===== INFORMATION PROVIDED

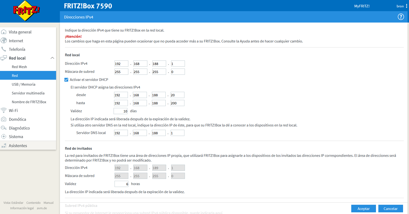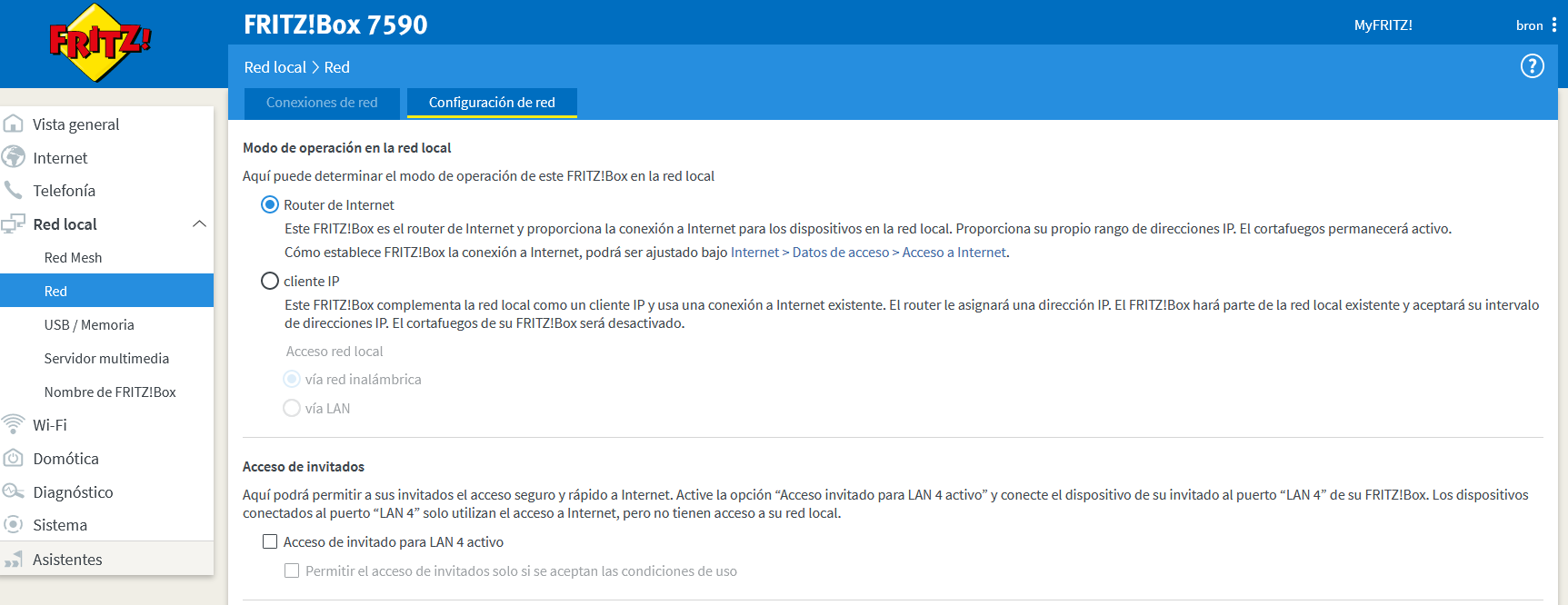 Cette AVM FRITZ ! Il nous permet également de configurer le port LAN4 pour le réseau invité, il aura accès à Internet mais pas au réseau local principal. C’est idéal pour connecter un ou plusieurs ordinateurs (à l’aide d’un commutateur) au réseau invité et être complètement séparé du réseau principal. Dans la section «Réseau local / Réseau / Configuration réseau» vous pouvez voir cette configuration très intéressante.
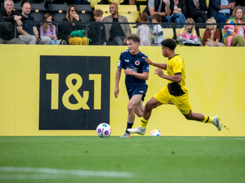 In der 23. Minute erhöhte der BVB per Ecke zum 2:0, erneut war es ein Kopfball, der die Schwarzgelben jubeln ließ. In Hälfte zwei blieben die Westfalen spielbestimmend, erzielten – wieder per Kopf – das 3:0 in der 58. Spielminute. Keeper Oskar Hill verhinderte mit einigen guten Paraden einen höheren BVB-SIeg, die beste Chance hatten unsere Jungs über einen Distanzschuss von Kerim Taskale.
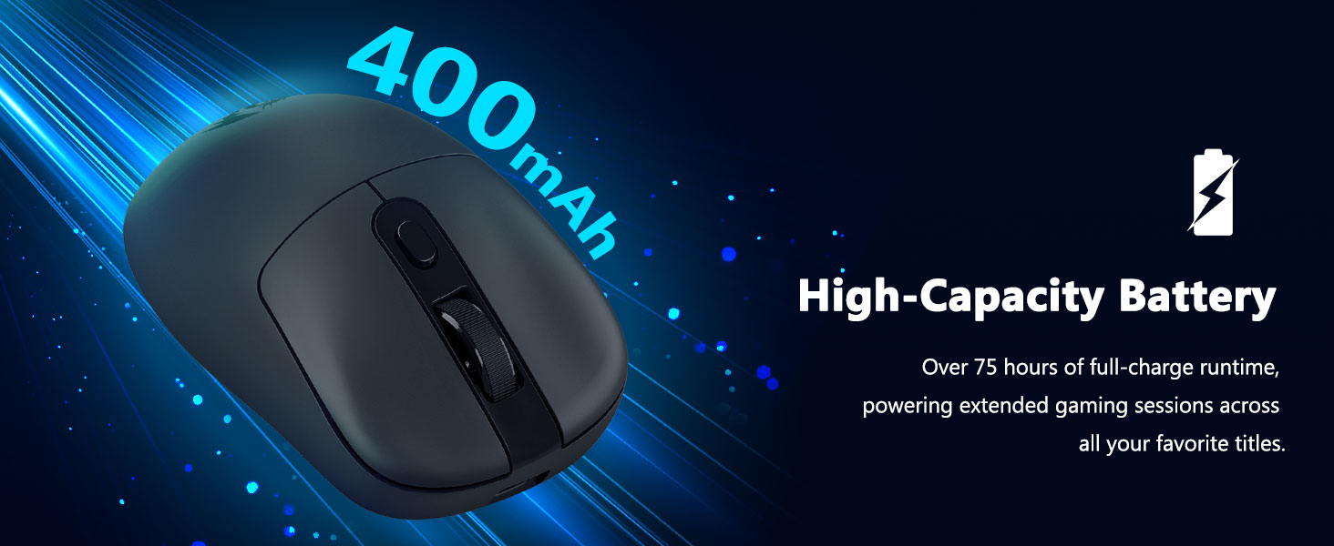 Mode nirkabel 2.4GHz njamin input sing stabil lan responsif, nyuda lag lan njaga kontrol sing konsisten sajrone aktivitas sing cepet.
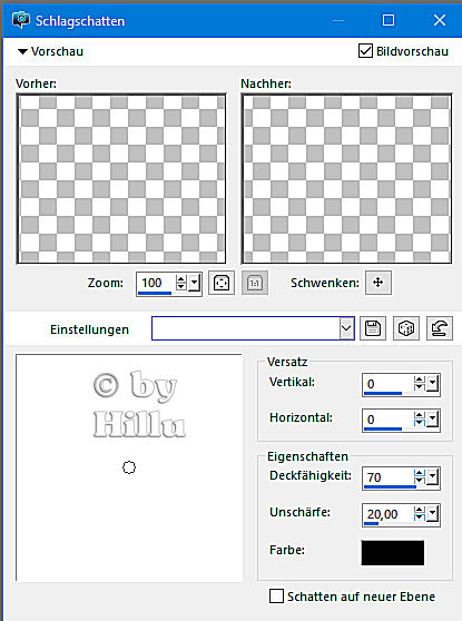Effekte - 3D Effekte - Schlagschatten - wie eingestellt.
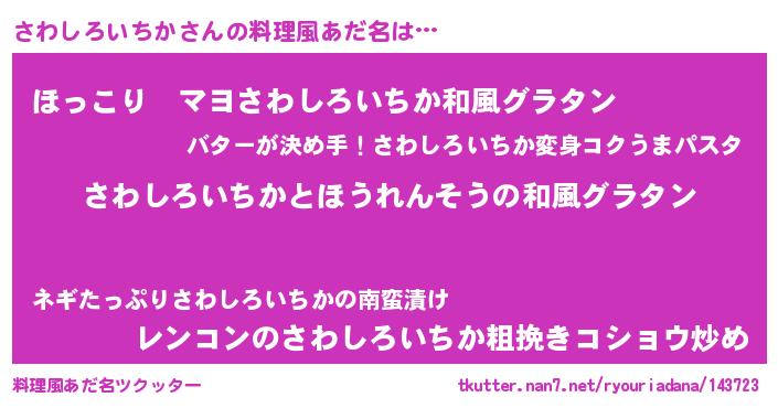 | 男性向けラノベタイトル風あだ名 | 『さわしろいちか~年齢イコール彼女いない歴の魔法使い~』 |
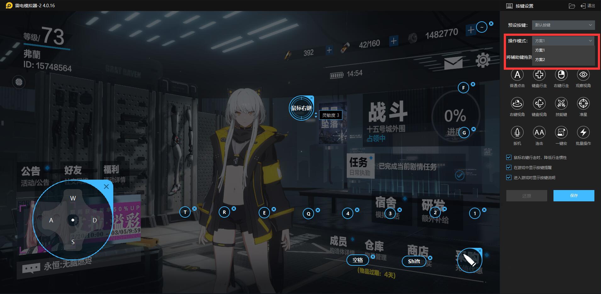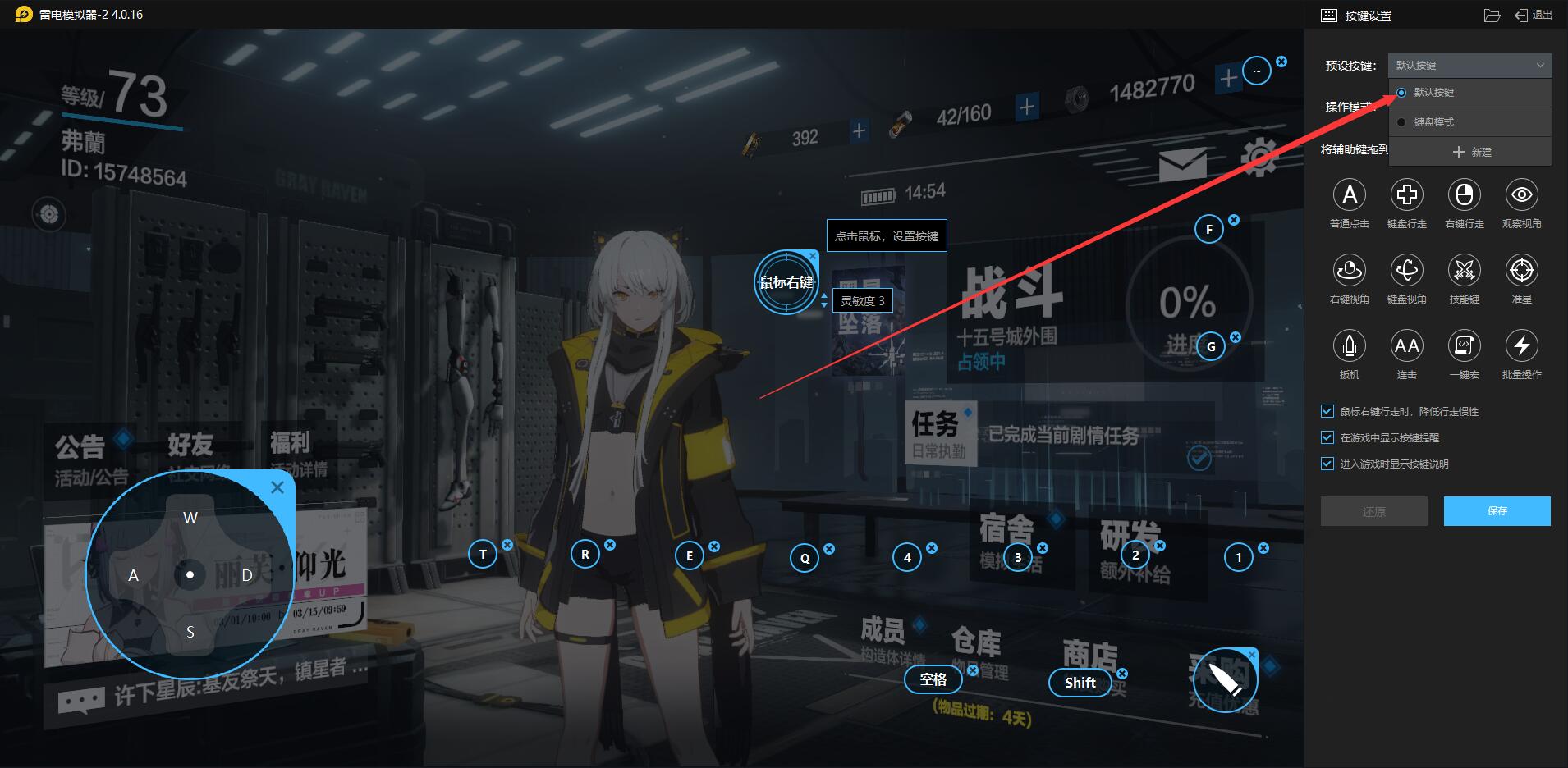 选择默认模式即可右键隐藏鼠标然后点击鼠标左键进行攻击
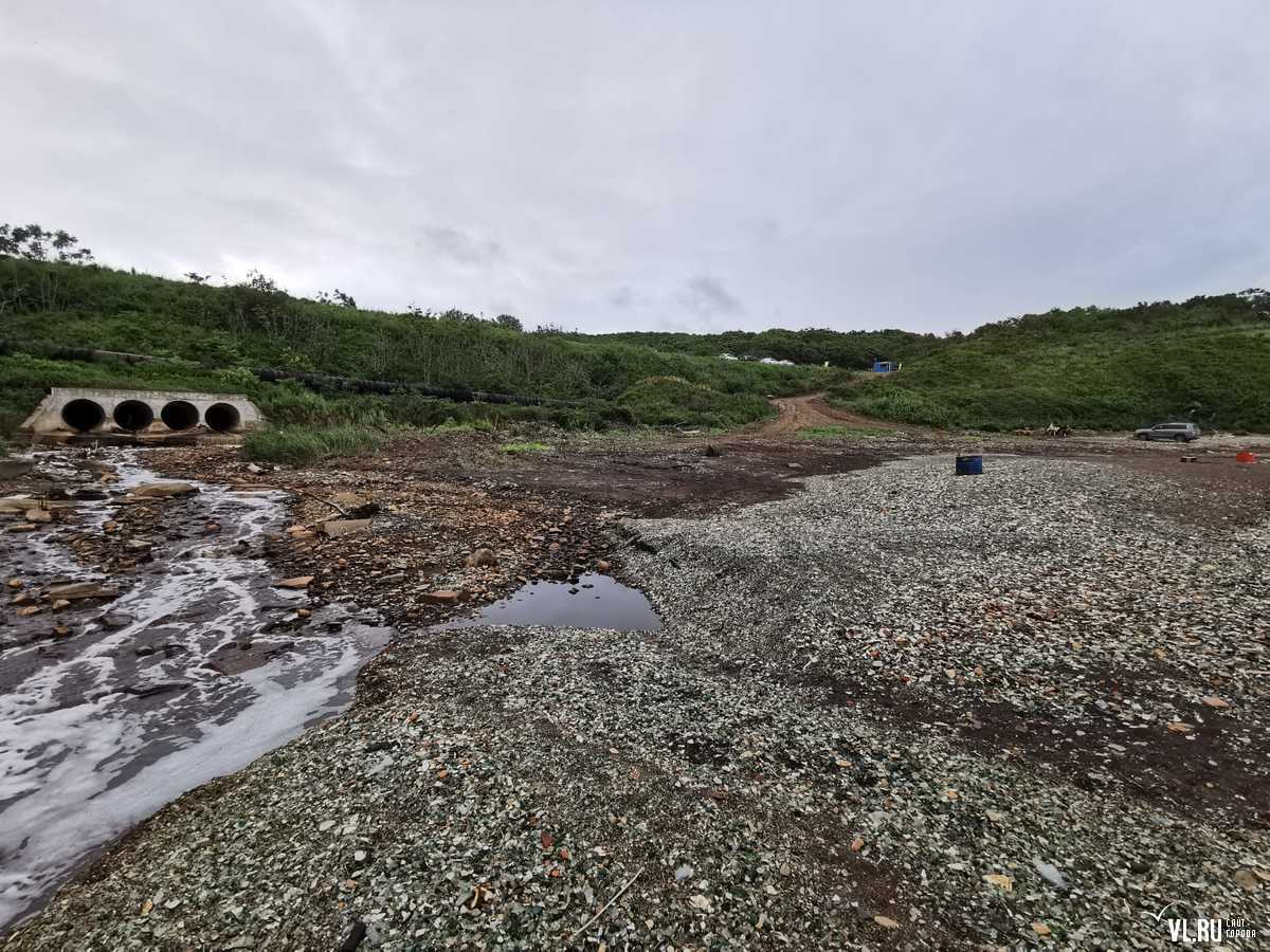 Речь идёт о ручье Безымянном, впадающем в Уссурийский залив рядом с бухтой Стеклянной. Пляж тут тоже покрыт битым стеклом. Ручей протекает под Шаморовской трассой по нескольким водопропускным трубам и впадает в море.
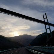 果子沟大桥是国道045线赛里木湖至果子沟高速公路的一座桥,桥梁全长约700米,桥面距谷底净高约200米。它是一座斜拉高桥,集新技术、新结构、新工艺、新设备“四新”于一身,是新疆公路建设史上一次重大突破。
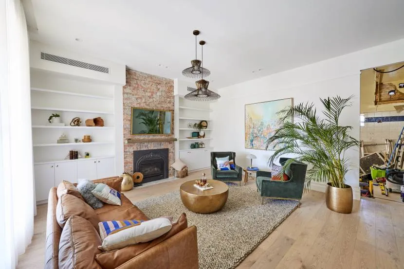 Строители демонтировали старую отделку и паркет в прихожей и гостиной. Колонну рядом со спальной зоной нарастили при помощи гипсокартона, после чего отштукатурили все стены и потолки. На полу сделали самовыравнивающую стяжку и уложили паркетную доску из европейского дуба с брашированной поверхностью.
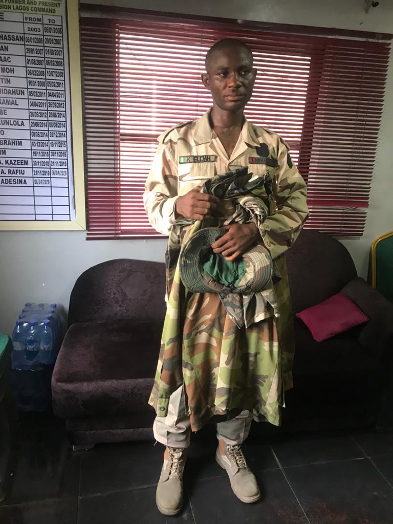 He said that on 16th May, 2020, at about 1500 hours, detectives from Ilemba Hausa Police Station arrested one Kehinde Elijah “m”  45 of Ibiyeye Street, Whitehouse Bus Stop, Okokomaiko. He said he was among three suspects on Police wanted list for violent crimes. Four pairs of military fatigues were recovered from his house. He claimed to have deserted the Military in 2015 when he was deployed to the North East to fight insurgency. He has been in Ojo area since then, where he has been terrorizing members of the public.

==========

EXERCISE DIRECTIONS
The output is the records exactly as they read, with no pictures in it.

RESPONSE BOX
 Cette AVM FRITZ ! Il nous permet également de configurer le port LAN4 pour le réseau invité, il aura accès à Internet mais pas au réseau local principal. C’est idéal pour connecter un ou plusieurs ordinateurs (à l’aide d’un commutateur) au réseau invité et être complètement séparé du réseau principal. Dans la section «Réseau local / Réseau / Configuration réseau» vous pouvez voir cette configuration très intéressante.
 In der 23. Minute erhöhte der BVB per Ecke zum 2:0, erneut war es ein Kopfball, der die Schwarzgelben jubeln ließ. In Hälfte zwei blieben die Westfalen spielbestimmend, erzielten – wieder per Kopf – das 3:0 in der 58. Spielminute. Keeper Oskar Hill verhinderte mit einigen guten Paraden einen höheren BVB-SIeg, die beste Chance hatten unsere Jungs über einen Distanzschuss von Kerim Taskale.
 Mode nirkabel 2.4GHz njamin input sing stabil lan responsif, nyuda lag lan njaga kontrol sing konsisten sajrone aktivitas sing cepet.
Effekte - 3D Effekte - Schlagschatten - wie eingestellt.
 | 男性向けラノベタイトル風あだ名 | 『さわしろいちか~年齢イコール彼女いない歴の魔法使い~』 |
 选择默认模式即可右键隐藏鼠标然后点击鼠标左键进行攻击
 Речь идёт о ручье Безымянном, впадающем в Уссурийский залив рядом с бухтой Стеклянной. Пляж тут тоже покрыт битым стеклом. Ручей протекает под Шаморовской трассой по нескольким водопропускным трубам и впадает в море.
 果子沟大桥是国道045线赛里木湖至果子沟高速公路的一座桥,桥梁全长约700米,桥面距谷底净高约200米。它是一座斜拉高桥,集新技术、新结构、新工艺、新设备“四新”于一身,是新疆公路建设史上一次重大突破。
 Строители демонтировали старую отделку и паркет в прихожей и гостиной. Колонну рядом со спальной зоной нарастили при помощи гипсокартона, после чего отштукатурили все стены и потолки. На полу сделали самовыравнивающую стяжку и уложили паркетную доску из европейского дуба с брашированной поверхностью.
 He said that on 16th May, 2020, at about 1500 hours, detectives from Ilemba Hausa Police Station arrested one Kehinde Elijah “m”  45 of Ibiyeye Street, Whitehouse Bus Stop, Okokomaiko. He said he was among three suspects on Police wanted list for violent crimes. Four pairs of military fatigues were recovered from his house. He claimed to have deserted the Military in 2015 when he was deployed to the North East to fight insurgency. He has been in Ojo area since then, where he has been terrorizing members of the public.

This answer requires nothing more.